"A surprising number of governments are now deploying their own custom malware and the end result could be chaos for the rest of us, F-Secure's malware chief Mikko Hypponen told the TrustyCon ( https://www.trustycon.org/ ) conference in San Francisco on Thursday.
'Governments writing viruses: today we sort of take that for granted but 10 years ago that would have been science fiction,' he told the public conference. 'If someone had come to me ten years ago and told me that by 2014 it will be commonplace for democratic Western governments to write viruses and actively deploy them against other governments, even friendly governments, I would have thought it was a movie plot. But that's exactly where we are today.'
http://www.scmagazine.com/trustycon-malware-expert -mikko-hypponen-kicks-off-conference-on-trust/arti cle/336089/"

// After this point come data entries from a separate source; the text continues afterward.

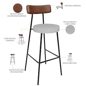 Amplamente moderna, dispondo de muito realce e design singular, a Banqueta Alta Bar Cozinha Sala De Jantar Aço Milão L02 Couríssimo Marrom Linho Cinza - Lyam Decor vem com a personalidade e elegância que sua decoração merece! Estruturada em aço carbono, contrasta lindamente com o encosto e assento estofados, cabe mencionar ainda o revestimento do seu encosto em Couríssimo e do assento em Linho, é confeccionada por materiais de excelente qualidade, extremamente resistentes e aconchegantes.
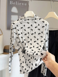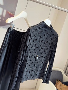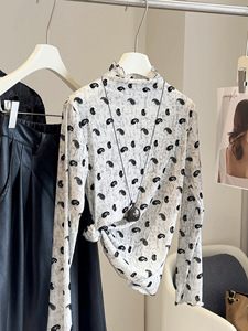 半高领弹力植绒网纱长袖打底衫女2025早秋季新款修身显瘦上衣小衫
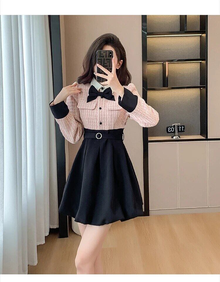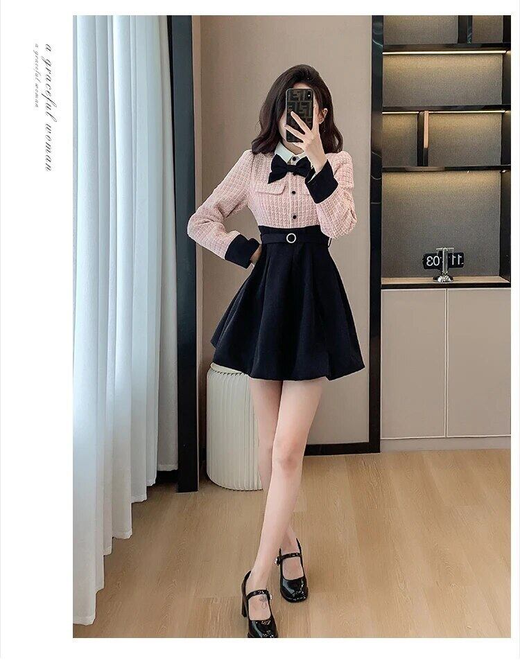 秋冬フレンチスモールフレグランツイードドレススウィートミニドレスvestidosイブニングパーティードレスローブ 大人ガーリー キュート カジュアル オータム 秋物 ウィンター 冬物
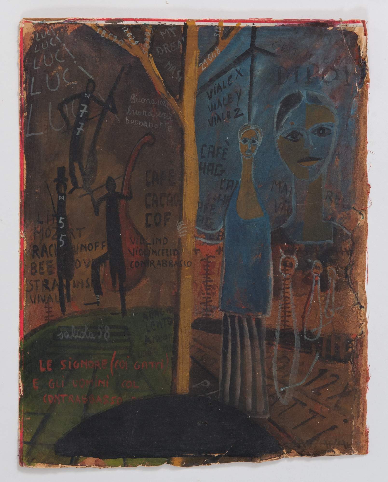 ANTONIO SALIOLA (Bologna 1939) "Le signore coi gatti e gli uomini con il contrabbasso", 1958. Tecnica mista su carta applicata su cartone. Cm 30x23,5. Opera firmata e datata in basso a destra Antonio Saliola 58.
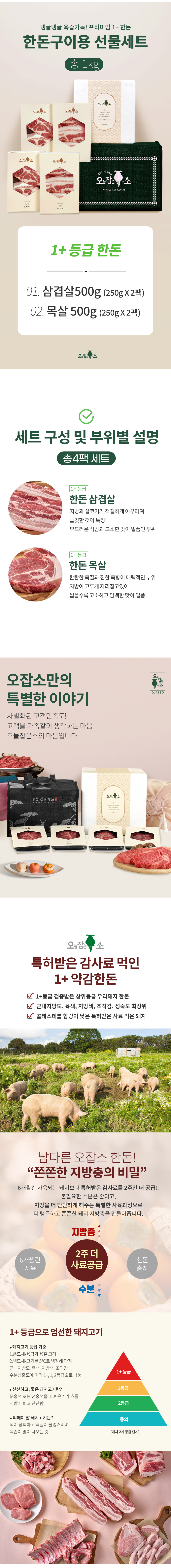 | 상품구성 | 1+등급 한돈 구이세트1kg (삼겹살500g+목살500g) 구이용 |

The kernel isn't the single point of failure that you think. Just because I might run Debian doesn't mean that I am necessarily running a kernel packaged and released by Debian. We can, and some of us do, "roll out own" kernels. An exploit that exists on one Debian box, may not exist on another Debian box. And, of course, there are differences between distros. The paranoid who compiles all of his own software from source may share some vulnerabilities with the larger community, or he may even introduce some unique vulnerabilities, but you can't count on much or anything.